Entertainment For Lively Minds
Chinese Democracy decent SHOCK!
Having just read Mick Wall's Axl Rose biography (well, I needed a break whilst chewing my way through the Gram Parsons 'Twenty Thousand Roads' work by David Meyer... phew, there's a dry read, if ever I experienced one), I decided to give the 'Chinese Democracy' album a proper listen. And, blimey, it's not that bad! In fact, I've played it pretty solidly for the last week, and I have to admit it's a great LP to crank up loud and have a jump around to: Does everything a rock album worth its weight in gold (boom, boom) should do. Yes, it's overworked and a bit busy (and I have very little clue what Axl is actually singing about most of the time), but a good album nevertheless.

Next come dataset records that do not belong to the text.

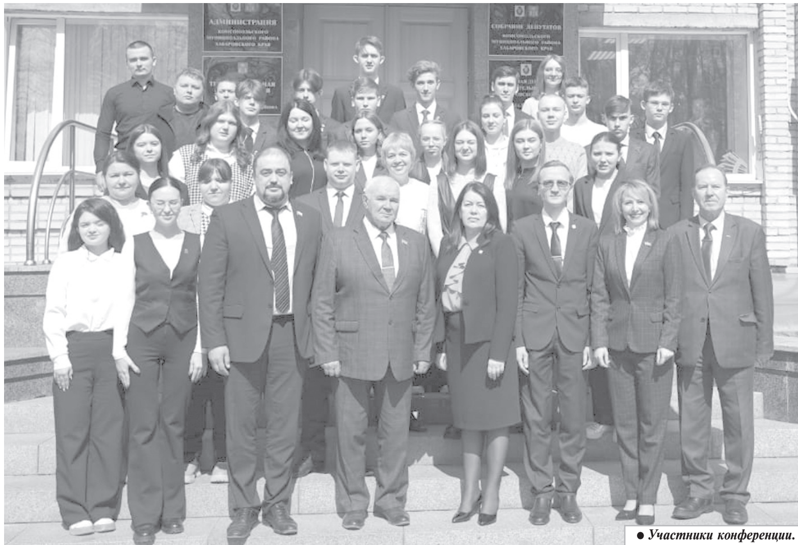
● Участники конференции.
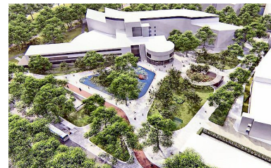
Schetsontwerp van parkeergarage bij het stadhuis van Purmerend

Met de verankering van leefbaarheid in de visie Purmerend 2040 en prachtige voorbeelden als de nieuwe garage voor de binnenstad zijn we op de goede weg.
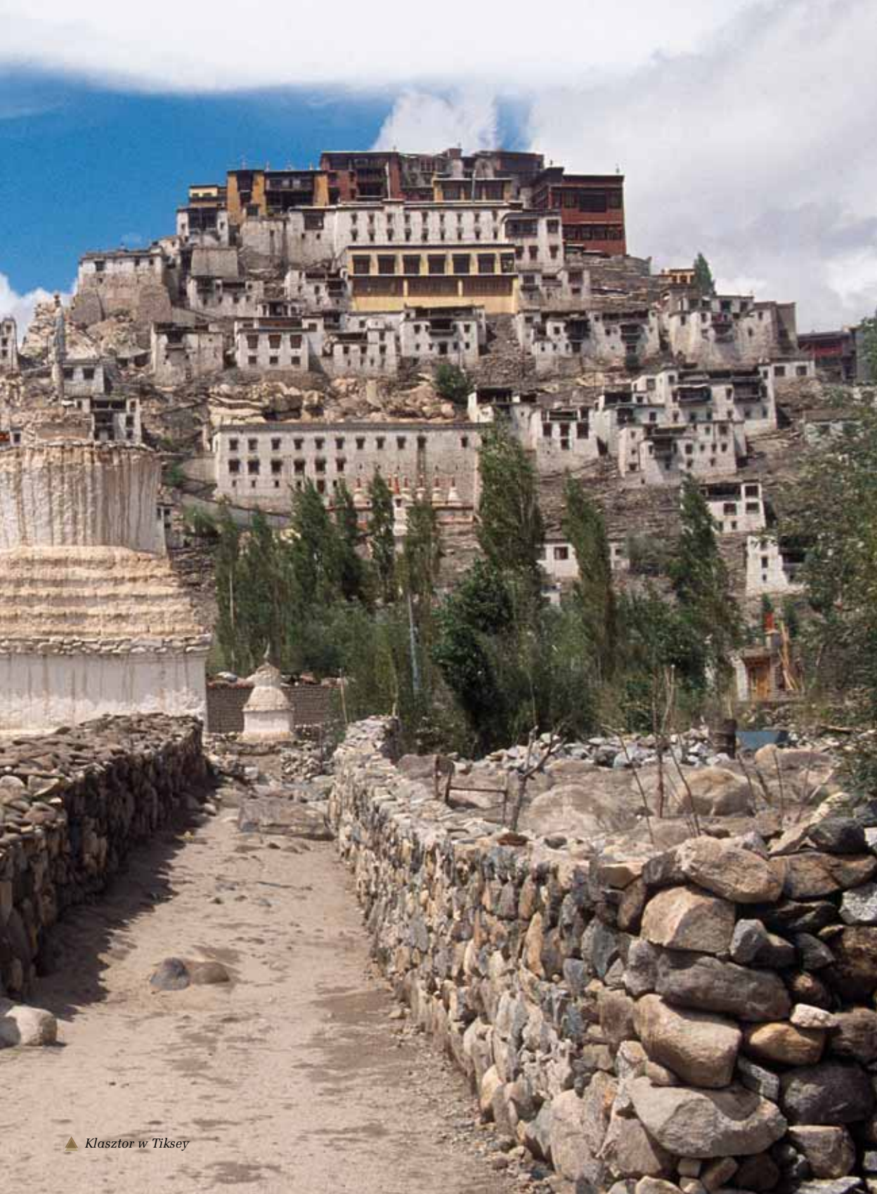
▲ Klasztor w Tiksey
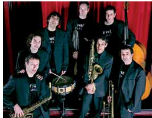
La Vella Dixieland

el 18 d'abril; i l'espectacle musical “Wimoweh” del grup L'Auditori Educa, el 16 de maig.
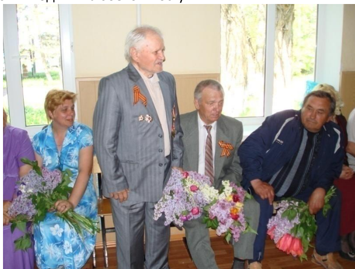
Встреча с ветеранами ВОВ и детьми войны.
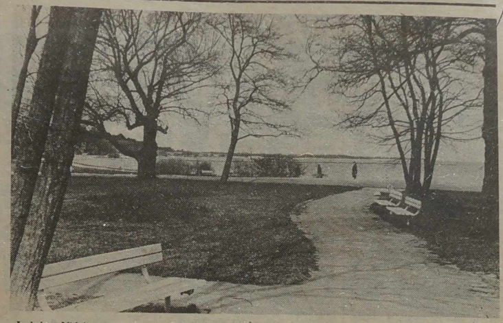
Jesień w Nidzie.

A więc wilmianie, którzy nie mają pracy — mogą zwracać się do Giełdy Pracy: Wilno, ul. Toruń 2/8, pokój 201, tel. 62-07-67.
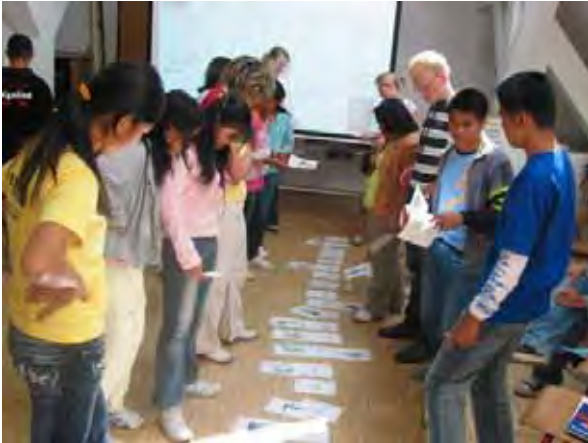
Workshop zum virtuellen Wasser
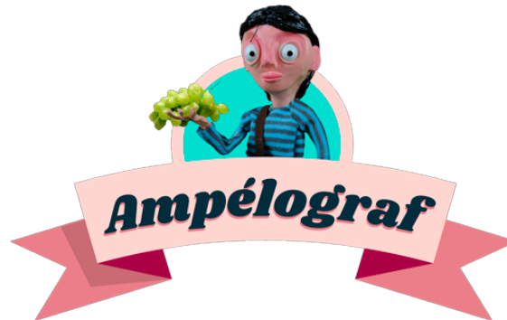
L'appli Ampélograf fait voyager les familles de la vigne au chai, sur iOS et Android
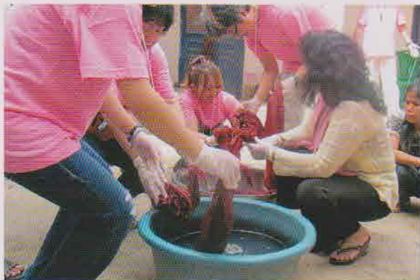
2010年、CYRのスタディツアー参加者が、しぼり染めを体験しました。

2012年2月、タケオ州トロピアンクラサン村の織物研修センターで、自然染色のしぼり染め体験コースを始めました。このコースは、カンボジアを訪れる日本人の方を対象に開催していたものですが、好評につき、カンボジア在住の方々にも楽しんでいただくこと
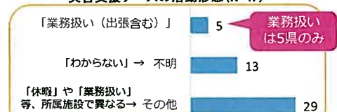
災害支援ナースの活動形態(N=47)
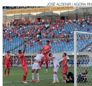
Lance de Potiguar x América, na Arena

O Campeonato Carioca, vencido pelo Flamengo pela 40ª vez,
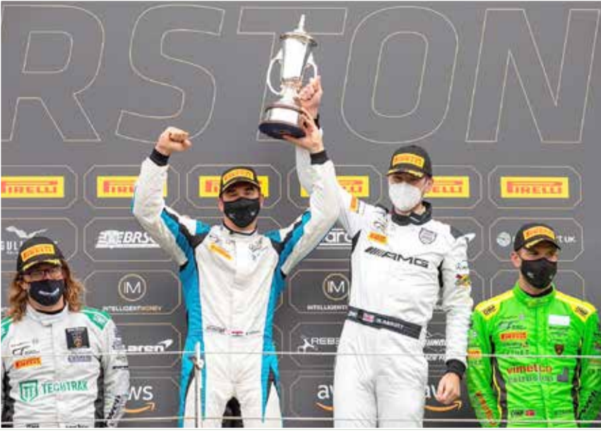
لقطة لتتويج الفريق

There's some well executed ideas, a decent handful of catchy vocal melodies, some blinding guitar work; all leading to at least five tracks that should, in an alternative dimension where Axl Rose clearly wasn't his own - and everyone's else - worst enemy, be massive pop hits straddling the number ones slots on either side of the Atlantic simultaneously.
To get there, however, you do need to suspend more than the average amount of needless preconceptions: Get past the fact that it's not an actual GnR album in the style of old, through the lack of everyone but Mr Rose - therefore, a solo album in all but the branding. Equally, turn a blind eye to the rather dis-likable fact of Mr Rose as a person (ranking him up there with the likes of Bono and Mick Hucknall: dodgy people you wouldn't want to get stuck in a lift with, but who clearly possess obvious talent); and somehow get onside with the crazy Orson Welles-ness folly of the whole project. But if you can get past that arcade game-like assault course of reasoning, it's a blinding listen. Heck, who said great pop and rock music was based on prerequisite common sense?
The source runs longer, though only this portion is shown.